Ma per comprendere a fondo il funzionamento sottile di “differenza e ripetizione” messo a punto sul grande schermo in Julius Caesar, occorre riprendere tra le mani il prototipo, intoccabile, teatrale. I riferimenti a Marco Tullio Cicerone nel Julius Caesar di Shakespeare sono tanti quanti ne recepisce fedelmente Mankiewicz nel “suo” Julius Caesar: quattro in tutto.
Il film di Mankiewicz in pratica riprende alla lettera le battute sceniche, collocandole in un’atmosfera noir molto consona a quegli anni bui, quindi all’età d’oro del noir cinematografico classico hollywoodiano. Qualche lieve sforbiciata non solo non modifica la sostanza del discorso, ma ne accelera il decorso secondo pure esigenze di natura filmica. Detto altrimenti, il regista che firma anche la sceneggiatura, ci tiene particolarmente a non discostarsi dal prototipo, allo scopo di rendere se possibile più pungente l’impianto allusivo adattato senza troppe variazioni al tempo e alla temperie del maccartismo.
E per afferrare il nesso con le contingenze maccartiste, la “caccia alle streghe” e la “lista nera” in cui lo stesso Mankiewicz, senza il provvidenziale appoggio e intervento risolutivo di Ford sarebbe persino potuto trovarsi, all’improvviso, per ritorsione, fa quindi testo ciò che il film di Mankiewicz mutua alla lettera da Shakespeare:

Antonio: «Allora, tutti questi devono morire. I loro nomi sono schedati. Anche tuo fratello deve morire, acconsenti, Lepido?»
Lepido: «Acconsento.»
Ottaviano: «Mettilo sulla lista, Antonio.»
Lepido: «A condizione che Publio, il figlio di tua sorella, non viva, Marco Antonio.»
Antonio: «Non vivrà. Guarda, con un segno, io la condanno. Ma Lepido, vai a prendere il testamento di Cesare e vedremo di togliere alcuni oneri dai suoi legati.»
Lepido: «Ci incontriamo qui?»
Antonio: «O qui, o in Campidoglio.»

Mentre Lepido si allontana, rivolto a Ottaviano, Antonio continua:

Antonio: «È proprio un infimo uomo da niente, adatto a fare le commissioni. È giusto che, con il mondo diviso in tre parti, lui debba essere uno dei tre che se lo spartiscono?»
Ottaviano: «E hai ascoltato il suo parere su chi condannare a morte sulla “lista nera” [black list, in originale] e dei proscritti?»
Antonio: «Ottaviano, io ho visto più giorni di te. E sebbene concediamo a quest’uomo tali onori per alleggerire noi stessi da vari scomodi pesi egli se ne farà carico come un asino che trasporta oro gemendo e sudando sotto tale peso, guidato o spinto mentre noi indichiamo la strada. E dopo aver portato il nostro tesoro dove desideriamo allora noi lo liberiamo del peso, e lo lasciamo andare come un asino scarico , a scrollarsi le orecchie e a pascolare.»
Ottaviano: «Fa’ come desideri, ma egli è un soldato provetto e valoroso.»
Antonio: «Lo è anche il mio cavallo, Ottaviano, e per questo lo rimpinzo di foraggio. Ed ora, Ottaviano, ascolta grandi cose: Bruto e Cassio stanno assoldando rinforzi, dobbiamo opporre resistenza. Quindi, che la nostra alleanza venga sancita, e andiamo subito al consiglio per capire come scoprire al meglio i loro segreti e fronteggiare gli aperti pericoli.»
Ottaviano: «Facciamo così, poiché siamo in pericolo, e circondati da molti nemici. Ed io temo che alcuni di quelli che sorridono abbiano in serbo delle malefatte.»
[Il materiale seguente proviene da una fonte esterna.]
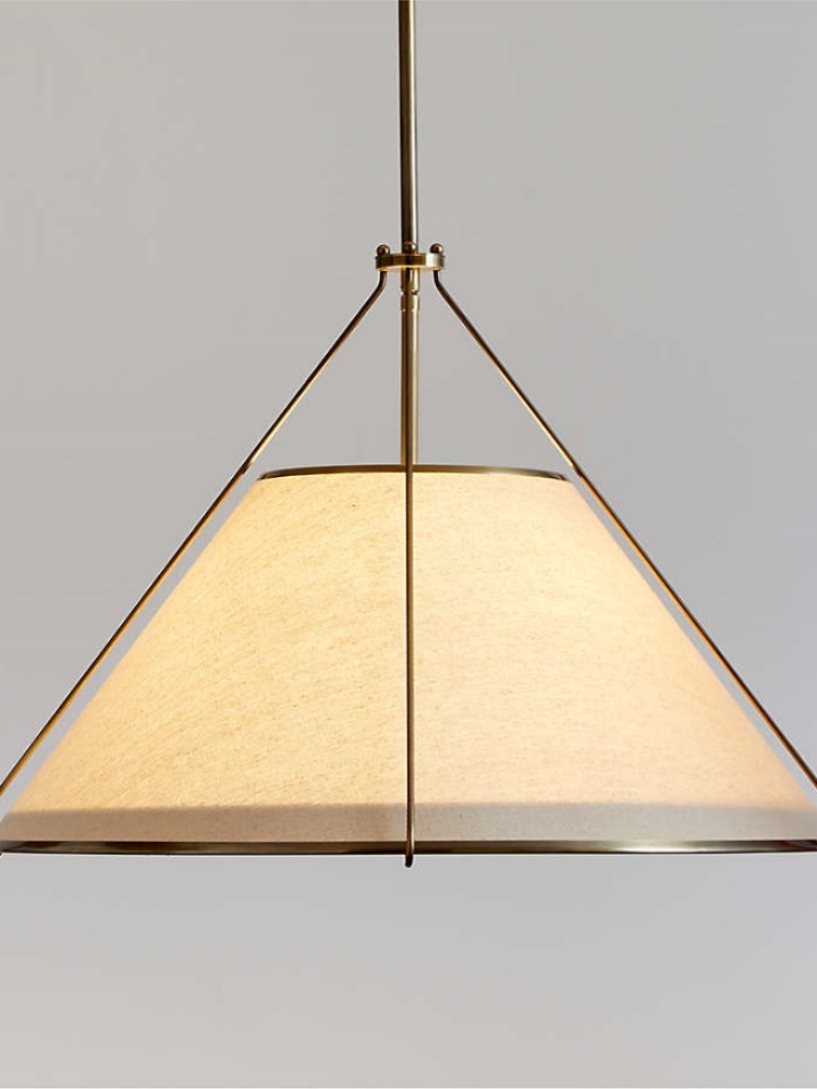 An updated take on the pendant light, Remi houses a classic taper shade within a conical cage of burnished brass for a look that's airy and contemporary. The natural linen shade harmonizes with the gleaming metal, and the white diffuser adds a second serene neutral while filtering light softly. Our exclusive Remi pendant light provides pleasant illumination overhead-no exposed bulb-whether hung individually above a breakfast table or in multiples down the length of a kitchen island or dining table.

Nel film, Antonio, interpretato da Marlon Brando, andato via Ottaviano, si stiracchia, guarda dal balcone, ruota il busto di Cesare verso di sé, va verso il tavolo, prende tra le mani la “lista nera” soddisfatto e va a sedersi con flemma e gambe accavallate sulla sedia che reca sullo schienale l’aquila romana, simbolo del potere, che un istante prima ha fissato.
Non c’è che dire. Con People Will Talk, quindi con il dittico “ciceroniano” composto da Five Fingers e Julius Caesar l’ineffabile, acuto Joseph Leo Mankiewicz si prende la sua personale, segreta rivincita sull’altro Joseph, Joseph McCarthy.